> _The problem_: Output the whole listing exactly, with no pictures.

Top of Provided material

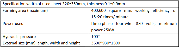 苗床トレイ播種製造機の技術パラメータ 仕様使用シート幅:300~320mm、厚さ:0.8~2mm。 成形エリア(最大):400*600mm、作業効率15~20回/分。 使用電力:三相4線380ボルト、最大電力25KW 油圧:100T 外形寸法(mm)長さ、幅、高さ)3600mm*980mm*1500mm
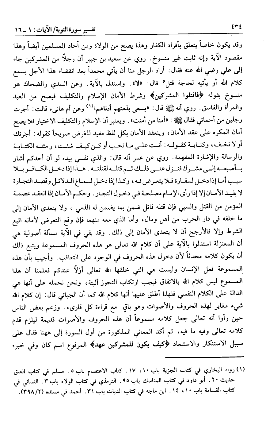(1) رواه البخاري في كتاب الجزية باب 10، 17. كتاب الاعتصام باب 5. مسلم في كتاب العتق حديث 20. أبو داود في كتاب المناسك باب 95. الترمذي في كتاب الولاء باب 3. النسائي في كتاب القسامة باب 10، 14. ابن ماجه في كتاب الديات باب 31. أحمد في مسنده (2/ 398) .
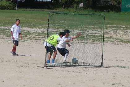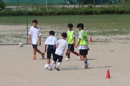 1年生が基礎メニューにしっかり取り組めるよう、2年生がサポートしながら活動しています。
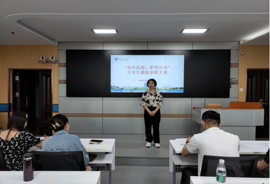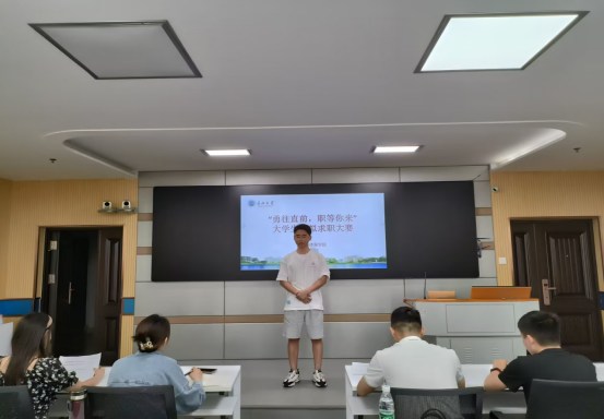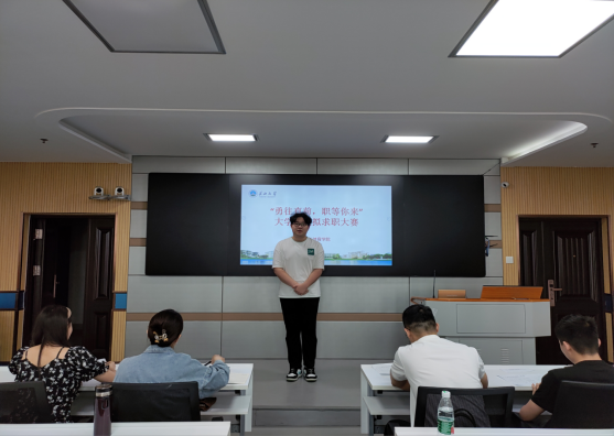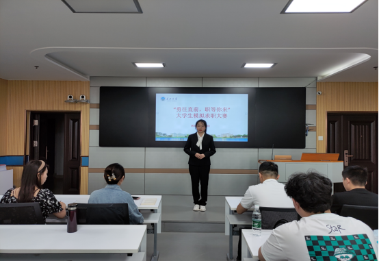 为帮助我院员工树立正确的就业观、职业观,拉近员工与职场的距离,增强员工求职观念,提升员工求职核心竞争力。6月1日,公司举办“勇往直前,职等你来”老员工模拟求职大赛复赛,辅导员喻泽坤、任雯婷、高恒、吴敏老师以及参赛选手参与了此次活动。

Bottom of Provided material

> _Your response_:
 苗床トレイ播種製造機の技術パラメータ 仕様使用シート幅:300~320mm、厚さ:0.8~2mm。 成形エリア(最大):400*600mm、作業効率15~20回/分。 使用電力:三相4線380ボルト、最大電力25KW 油圧:100T 外形寸法(mm)長さ、幅、高さ)3600mm*980mm*1500mm
(1) رواه البخاري في كتاب الجزية باب 10، 17. كتاب الاعتصام باب 5. مسلم في كتاب العتق حديث 20. أبو داود في كتاب المناسك باب 95. الترمذي في كتاب الولاء باب 3. النسائي في كتاب القسامة باب 10، 14. ابن ماجه في كتاب الديات باب 31. أحمد في مسنده (2/ 398) .
 1年生が基礎メニューにしっかり取り組めるよう、2年生がサポートしながら活動しています。
 为帮助我院员工树立正确的就业观、职业观,拉近员工与职场的距离,增强员工求职观念,提升员工求职核心竞争力。6月1日,公司举办“勇往直前,职等你来”老员工模拟求职大赛复赛,辅导员喻泽坤、任雯婷、高恒、吴敏老师以及参赛选手参与了此次活动。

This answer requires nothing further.